→ **WHAT YOU SHOULD DO**:
Give the data again exactly as written, skipping any pictures.

→ **RECORDED DATA**:
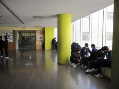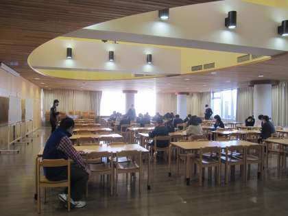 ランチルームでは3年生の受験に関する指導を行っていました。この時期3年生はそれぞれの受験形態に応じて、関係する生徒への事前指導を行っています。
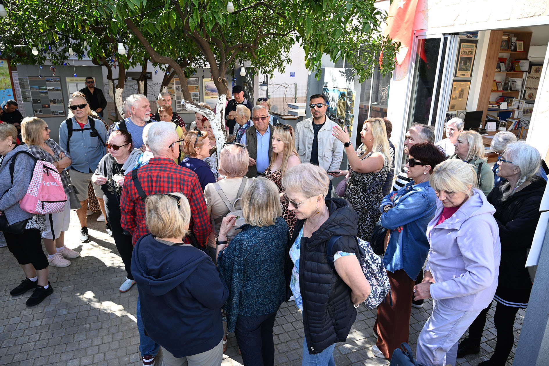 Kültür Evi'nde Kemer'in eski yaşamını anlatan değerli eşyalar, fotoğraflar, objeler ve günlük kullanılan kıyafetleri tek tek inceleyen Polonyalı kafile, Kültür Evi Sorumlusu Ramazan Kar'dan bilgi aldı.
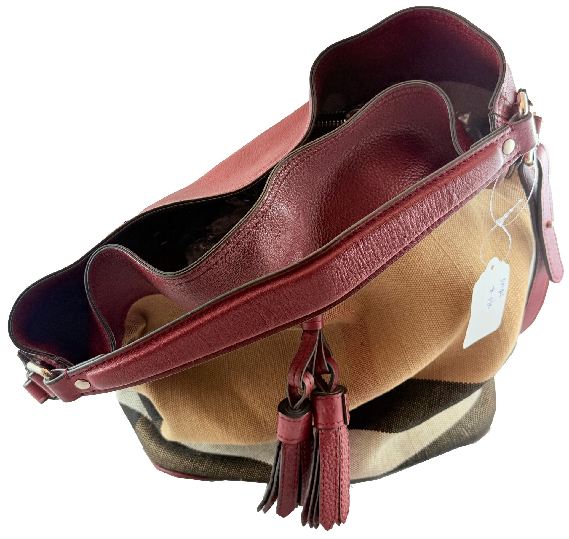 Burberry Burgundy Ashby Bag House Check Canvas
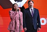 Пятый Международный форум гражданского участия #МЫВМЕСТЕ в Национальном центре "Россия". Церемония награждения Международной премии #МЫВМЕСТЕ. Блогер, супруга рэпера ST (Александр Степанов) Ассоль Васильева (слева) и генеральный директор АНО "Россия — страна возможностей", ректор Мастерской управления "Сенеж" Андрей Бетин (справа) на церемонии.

→ **OUTPUT OF THE TASK**:
 ランチルームでは3年生の受験に関する指導を行っていました。この時期3年生はそれぞれの受験形態に応じて、関係する生徒への事前指導を行っています。
 Kültür Evi'nde Kemer'in eski yaşamını anlatan değerli eşyalar, fotoğraflar, objeler ve günlük kullanılan kıyafetleri tek tek inceleyen Polonyalı kafile, Kültür Evi Sorumlusu Ramazan Kar'dan bilgi aldı.
 Burberry Burgundy Ashby Bag House Check Canvas
 Пятый Международный форум гражданского участия #МЫВМЕСТЕ в Национальном центре "Россия". Церемония награждения Международной премии #МЫВМЕСТЕ. Блогер, супруга рэпера ST (Александр Степанов) Ассоль Васильева (слева) и генеральный директор АНО "Россия — страна возможностей", ректор Мастерской управления "Сенеж" Андрей Бетин (справа) на церемонии.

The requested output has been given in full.